PROMPT: All that is wanted is the exact lines from the first line of the data below through the line with "1. 通过击杀BOSS获得八卦。", both ends included, with pictures omitted.

Records excerpted from a collection
##############################
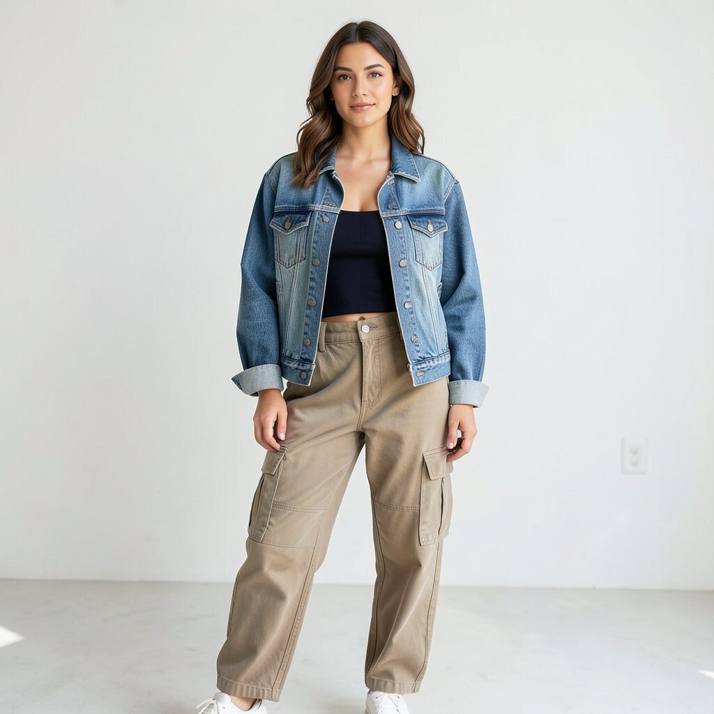 Earthy cargo colors like olive or tan keep the look easy to style. You can also add a tiny bag or a chain necklace for a little shine. Since cargo pants come in many price ranges, this outfit can fit almost any budget.
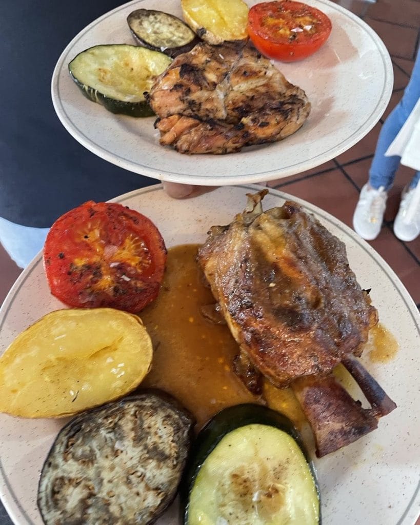 Carne de ternera, quesos curados, jamón te Teruel, pimientos de piquillo con patatas.
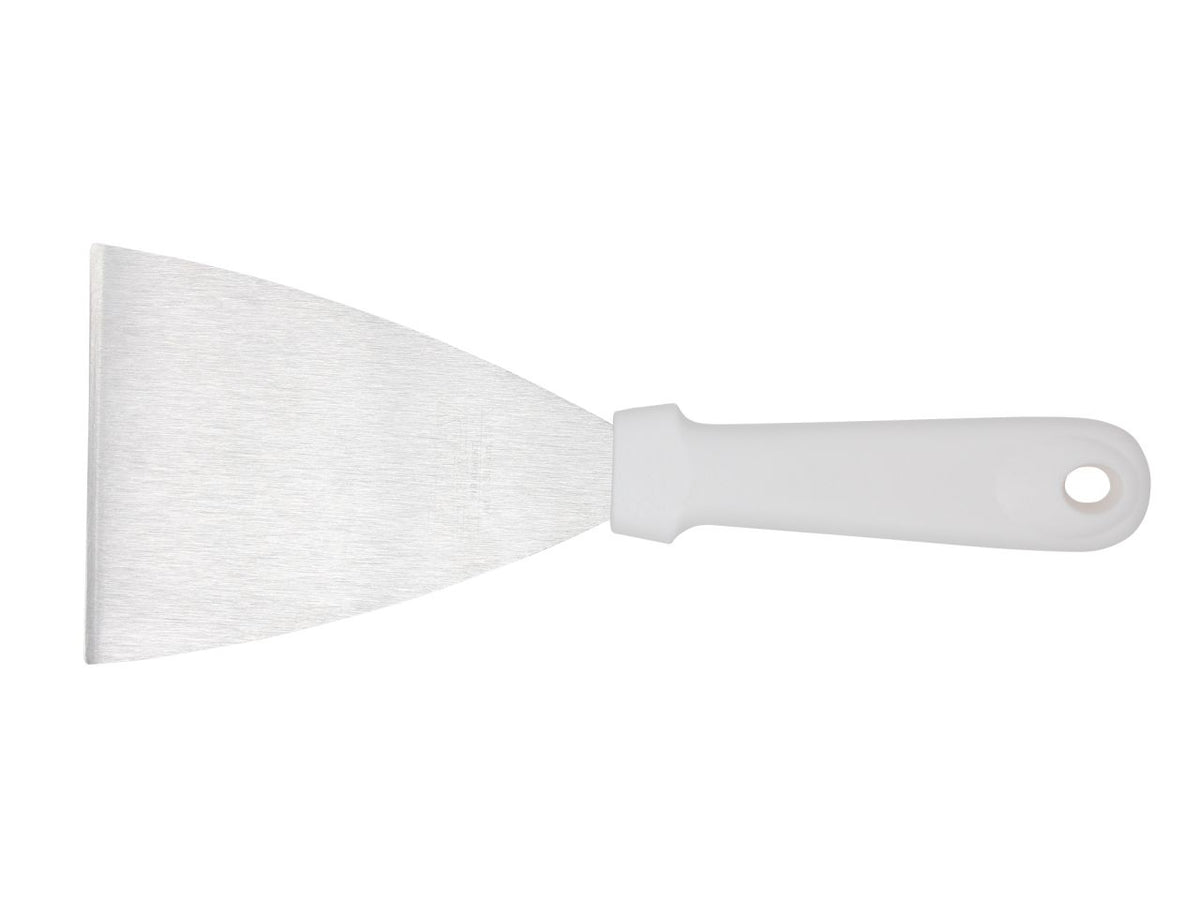 Spatola raschietto per impasto e per pizza, larghezza lama cm. 10, manico bianco con impugnatura ergonomica in polipropilene lavabile in lavastoviglie, ma si consiglia di pulire e asciugare il prodotto dopo l’uso per preservarne la qualità e aumentarne la durata.
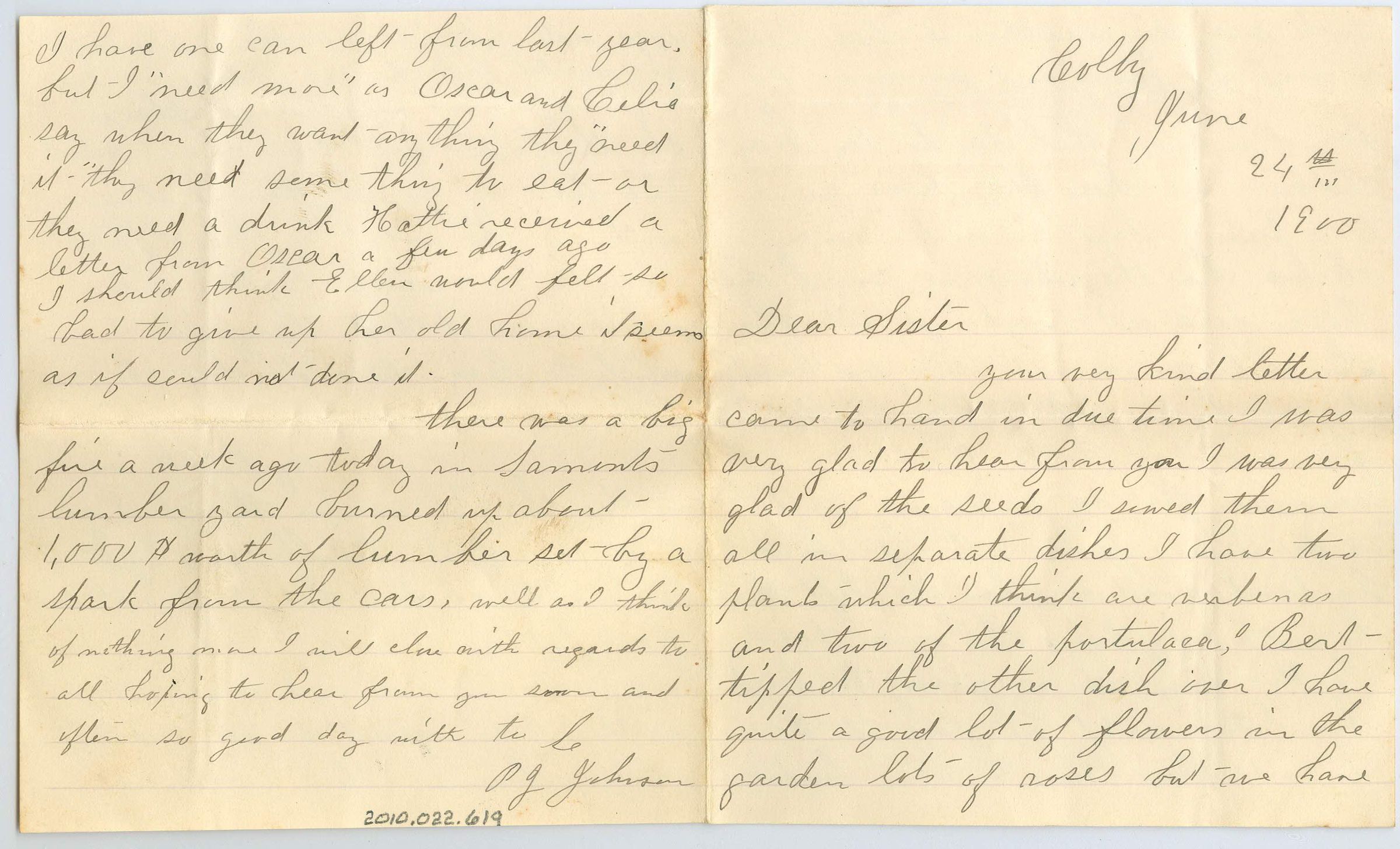 Four pages of correspondence on a single sheet of folded, lined paper. The letter is addressed "Colby, June 24th, 1900, Dear Sister" and is signed on the fourth page (opposite the first page) "so good day with to le, PJ Johnson". The letter talks about the flowers in their garden, Lydia went to Minnesota four weeks ago, but does not like it out there, the weather is dry and the writer doesn't think berries will come in because of it, and finally a fire in a nearby lumber yards.
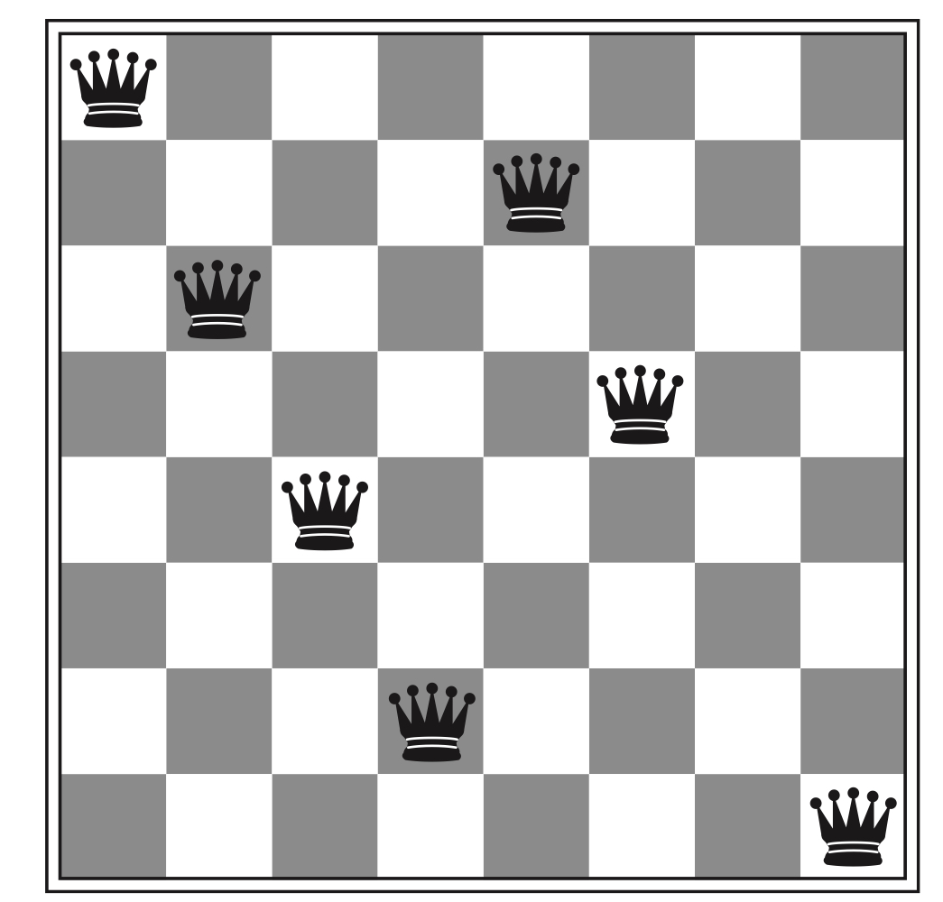 - Place 8 queens on a chessboard such that no queens attack each other. A queen attacks any piece in the same row, column or diagonal
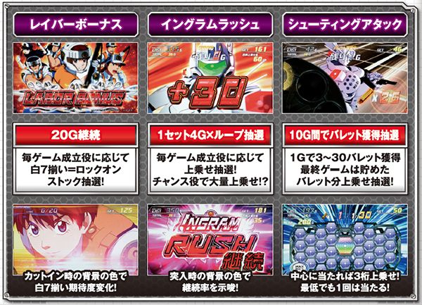 ロックオン告知後は、プッシュボタンでボーナスorイングラムラッシュorシューティングラッシュのいずれかを告知。レイバーボーナス開始時に役モノが落下したら、白7揃い期待度が大幅にアップするハイパーボーナスに格上げされる。シューティングラッシュは貯めたバレットで的の中心を射抜くたびに3桁上乗せ。最大30マス(当り1マス)なので、最低でも100G獲得できる。
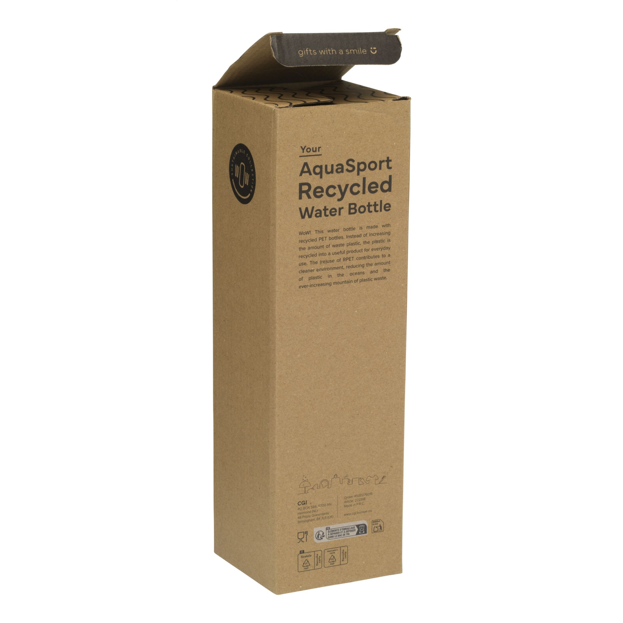 WoW! Funktionelle Trinkflasche aus recyceltem PET. Der Schraubverschluss verfügt über eine Trinköffnung mit Strohhalm, eine transparente Schutzkappe gegen Auslaufen und Schmutz sowie ein Verschlusssystem. Einhändig bedienbar und bequem an der Trage-/Handschlaufe zu tragen. Mit Inhaltsanzeige in ml und oz. Diese Flasche ist für Kaltgetränke geeignet und ideal für den Einsatz bei sportlichen Aktivitäten. Nicht spülmaschinengeeignet. Fassungsvermögen 1.000 ml. GRS-zertifiziert. Gesamtanteil recycelten Materials: 66 %. Jeder Artikel wird einzeln in einem braunen Karton geliefert.
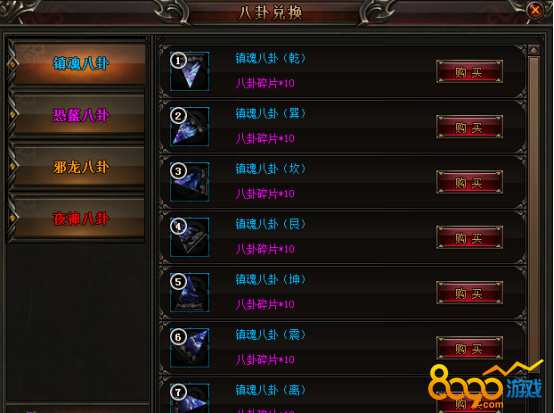 1. 通过击杀BOSS获得八卦。
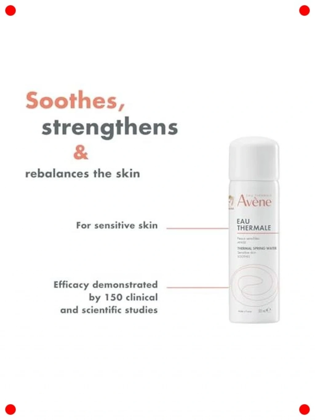 Mineral açısından zengin bu termal su spreyi, cildinizi anında ferahlatır, yatıştırır ve rahatlatır. Hassas, tahriş olmuş veya kızarık ciltler için özel olarak formüle edilmiştir. Cildin doğal dengesini geri kazandırmaya yardımcı olur, çevresel faktörlere karşı koruma sağlar. Makyaj öncesi cildi hazırlamak, makyaj sonrası sabitlemek veya gün içinde cildi canlandırmak için kullanılabilir. Bebek cildinden yetişkinlere kadar herkes için uygun olan bu sprey, cildinize anında bir tazelik ve konfor hissi verir. Küçük boyutu sayesinde her an yanınızda taşıyabilirsiniz.
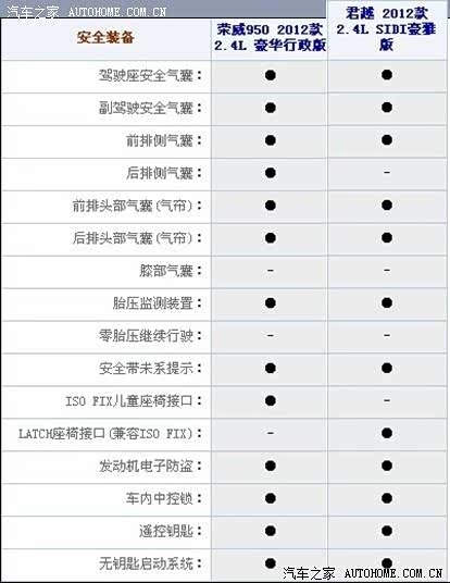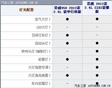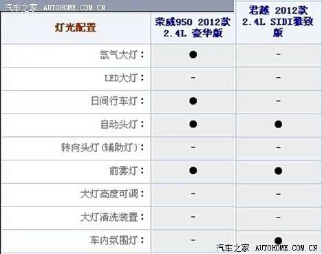 通过上面荣威2.4豪华版,君越2.4智雅版的对比我们可以看到,荣威950比君越多了无钥匙启动,多功能方向盘,定速巡航,倒车影像,内置硬盘,氙气大灯,日间行车灯,后视镜自动防炫目。君越2.4智雅版比荣威950多了胎压监测,全景天窗,前排座椅加热,安吉星定位服务,车内氛围灯。
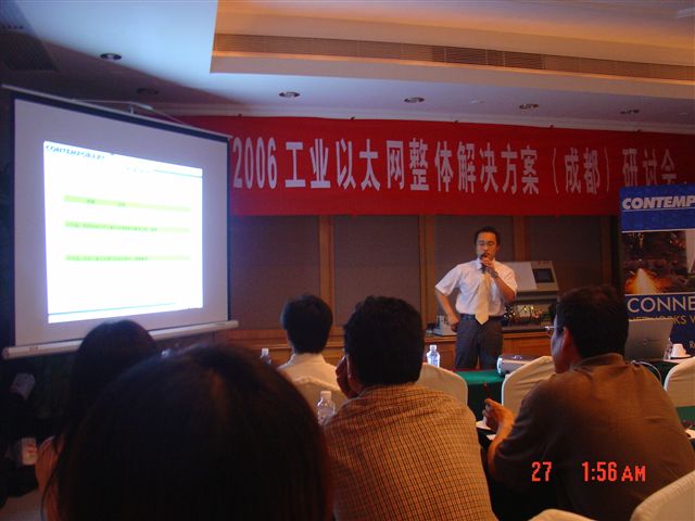 2006科動成都研討會 6月27日,美國科動公司在成都總府皇冠假日酒店成功舉辦了《2006年科動工業(yè)以太網(wǎng)研討會》,科動全線新款工業(yè)以太網(wǎng)產(chǎn)品伴隨著醉人的春風(fēng)撲面而來。 上半場的主題為科動工業(yè)以太網(wǎng)家族,首先由科動公司銷售經(jīng)理為大家介紹科動工業(yè)以太網(wǎng)交換機系列產(chǎn)品,飽含激情、專業(yè)細(xì)致的演講抓住了現(xiàn)場在座各位的心,會議由此逐步推向高潮。隨后科動銷售人員向大家詳盡闡述了科動工業(yè)以太網(wǎng)行業(yè)解決方案及案例,結(jié)合豐富生動的圖例、妙趣橫生的語言讓大家深刻領(lǐng)會了科動工業(yè)以太網(wǎng)產(chǎn)品在四大行業(yè)中的應(yīng)用。
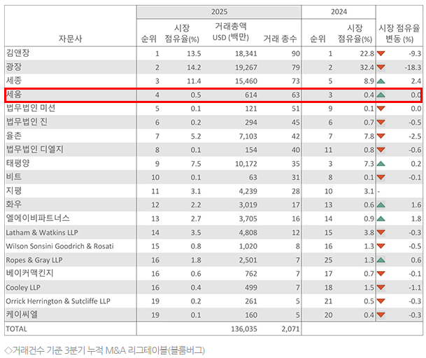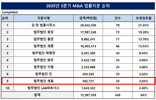 [공지] 법무법인 세움, 2025년 3분기 '대한민국 M&A 리그테이블' 4위 달성
##############################
RESULT OF THE EXERCISE:
 Earthy cargo colors like olive or tan keep the look easy to style. You can also add a tiny bag or a chain necklace for a little shine. Since cargo pants come in many price ranges, this outfit can fit almost any budget.
 Carne de ternera, quesos curados, jamón te Teruel, pimientos de piquillo con patatas.
 Spatola raschietto per impasto e per pizza, larghezza lama cm. 10, manico bianco con impugnatura ergonomica in polipropilene lavabile in lavastoviglie, ma si consiglia di pulire e asciugare il prodotto dopo l’uso per preservarne la qualità e aumentarne la durata.
 Four pages of correspondence on a single sheet of folded, lined paper. The letter is addressed "Colby, June 24th, 1900, Dear Sister" and is signed on the fourth page (opposite the first page) "so good day with to le, PJ Johnson". The letter talks about the flowers in their garden, Lydia went to Minnesota four weeks ago, but does not like it out there, the weather is dry and the writer doesn't think berries will come in because of it, and finally a fire in a nearby lumber yards.
 - Place 8 queens on a chessboard such that no queens attack each other. A queen attacks any piece in the same row, column or diagonal
 ロックオン告知後は、プッシュボタンでボーナスorイングラムラッシュorシューティングラッシュのいずれかを告知。レイバーボーナス開始時に役モノが落下したら、白7揃い期待度が大幅にアップするハイパーボーナスに格上げされる。シューティングラッシュは貯めたバレットで的の中心を射抜くたびに3桁上乗せ。最大30マス(当り1マス)なので、最低でも100G獲得できる。
 WoW! Funktionelle Trinkflasche aus recyceltem PET. Der Schraubverschluss verfügt über eine Trinköffnung mit Strohhalm, eine transparente Schutzkappe gegen Auslaufen und Schmutz sowie ein Verschlusssystem. Einhändig bedienbar und bequem an der Trage-/Handschlaufe zu tragen. Mit Inhaltsanzeige in ml und oz. Diese Flasche ist für Kaltgetränke geeignet und ideal für den Einsatz bei sportlichen Aktivitäten. Nicht spülmaschinengeeignet. Fassungsvermögen 1.000 ml. GRS-zertifiziert. Gesamtanteil recycelten Materials: 66 %. Jeder Artikel wird einzeln in einem braunen Karton geliefert.
 1. 通过击杀BOSS获得八卦。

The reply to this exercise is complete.